После этого визита, Яков приказал стрельцам притащить в съезжую тех, мошна которых выдерживала до двадцати и более покручников. Таких оказалось немало, и стрельцы забили ими съезжую, а к ним еще и откупщиками и посадскими.
Якову были нужны эти зажиточные мужики. Он задумал содрать с них десятую деньгу, отстроить, конечно, не за один год, воеводский двор и поднять крепость: заделать острогом сгоревшие стены. Поэтому, зачитав собравшимся об этом царскую грамоту, он напрямую заявил им: «Миром строить надо!»
— Не-е, воевода, сё государево дело! — отрицательно закачали головами мужики. — Ставь казной! Стрельцами!
— Таможню возьми: бездельных, корыстных! — стали зубоскалить зверовщики.
— Вот Дёмка придет из Туруханска — тогда и поговорим! — сослались торговые на Шишкина, известного всем здешним старого пройдоху, приказного тобольского стола; тот уже четвертый год ведал Туруханским зимовьем.
Яков насторожился: вот с ним-то, с тем пока еще неведомым для него Шишкиным, он и надеялся встретиться вскоре.
С мужиками он так и не договорился, на том и разошлись ни с чем. А дальше — больше. Собрал он опять их, и получилось то же самое. И те, с мошной, снова: вот, дескать, придет Дёмка, он скажет свое слово… И Яков, не видя еще ни разу приказчика, уже был зол на него.
— Ничего, Яша, зато мы вместе, — тихо говорила Аксинья, успокаивая его вечерами дома, когда он приходил из воеводской сумрачным. — Все образуется, как-нибудь…
Но он видел ее глаза, и ему казалось, что они укоряли его, словно говорили: притащил бог знает куда, и живем, как цыгане… А выйдешь из дома — кругом посадские и торговые, прижимистые, несговорчивые…
Прошло полтора месяца, как он приехал сюда.
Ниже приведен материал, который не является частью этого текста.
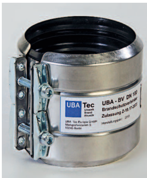
Bild 1 • Der UBA-BV Brandschutzverbinder ist eine einfache und sichere Abschottung (mit abZ) für Gussrohre bei Mischinstallationen.
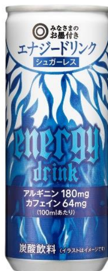
エナジードリンク シュガーレス 158 円 250ml 支持率 87.1%

В середине сентября выпал снег и стало примораживать.
В один из таких, уже по зимнему холодных дней Яков притащился в съезжую рано, чтобы, пока там еще никто не появился, посидеть одному. С самого утра у него болело все тело, а на душе было скверно. Вчера он опять полаялся с купцами, обозлился, напился и уже с нетерпением ожидал этого сукиного сына, Дёмку, на которого все сваливали мужики.
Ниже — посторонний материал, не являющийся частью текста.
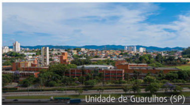
Unidade de Guarulhos (SP)

Крохотное оконце в съезжей затянуло изморозью. В избе было полутемно и пусто. И странно, но одиночество не помогало, не успокаивало, как бывало раньше.
«Хоть бы сверчок запел!» — мелькнуло у него, и снова все о том же. — И где этот мерзавец Дёмка!»…
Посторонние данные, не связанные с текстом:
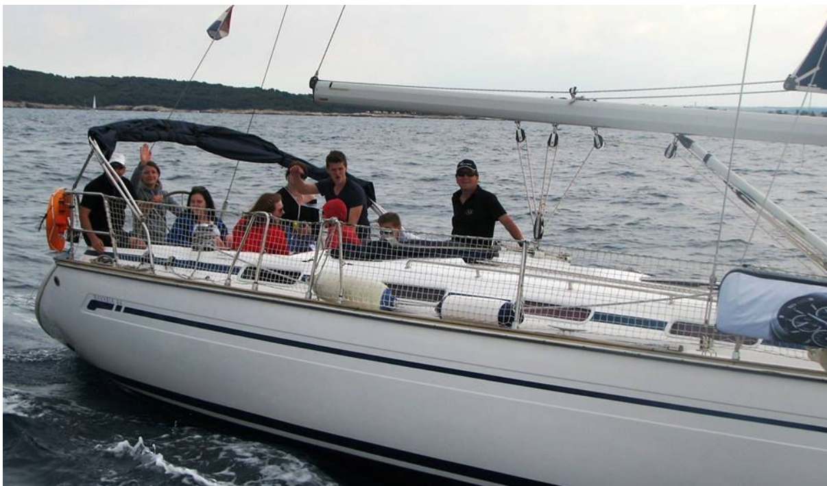
Naša jadrnica s posadko, Sea Cure.

Вспомнилось ему почему-то детство, речка. Они, мальчишки, валяются на жаркой песчаной косе, греются после купания… А вот перед его мысленным взором появилась Матрёнка, его первая жена, какой он увидел ее когда-то впервые в соседнем поместье, у Васьки Бестужева, под Смоленском… Он хотел вспомнить свои походы и сражения, в которых участвовал, но не смог выжать из памяти ничего: их там как будто и не было. А ведь половина его жизни прошла в них…
Он тяжело вздохнул, нагнулся, чтобы открыть казенный сундук: из глаз у него брызнули искры, сердце учащенно забилось и вдруг сжалось, остановилось, сильная боль ударила его по груди… Он распрямился, посидел, отдышался. Затем он достал все-таки из сундука грамоты, бумагу и чернильницу с пером, разложил все это на столе перед собой. Подьячего у него не было, и его работу приходилось делать ему самому.
«Да это и хорошо, что его нет», — подумал он, встал, хотел было пройтись по избе…
Но в этот момент в сенцах забухали чьи-то ножищи: видимо, пришлый стряхивал снег. Затем дверь в съезжую распахнулась, и в избу уверенно ввалился какой-то человек в собольей шубе, и в первый момент показался огромным, великим. Но когда он скинул шубу, перед Яковом предстало плюгавенькое существо, здорово похожее на Дружинку, с таким же въедливым взглядом бесцветных глаз и жиденькой бородкой…
— Приказчик Дёмка, для разговора от мира, по твоему делу! — ехидно оскалил вошедший рот с гнилыми зубами…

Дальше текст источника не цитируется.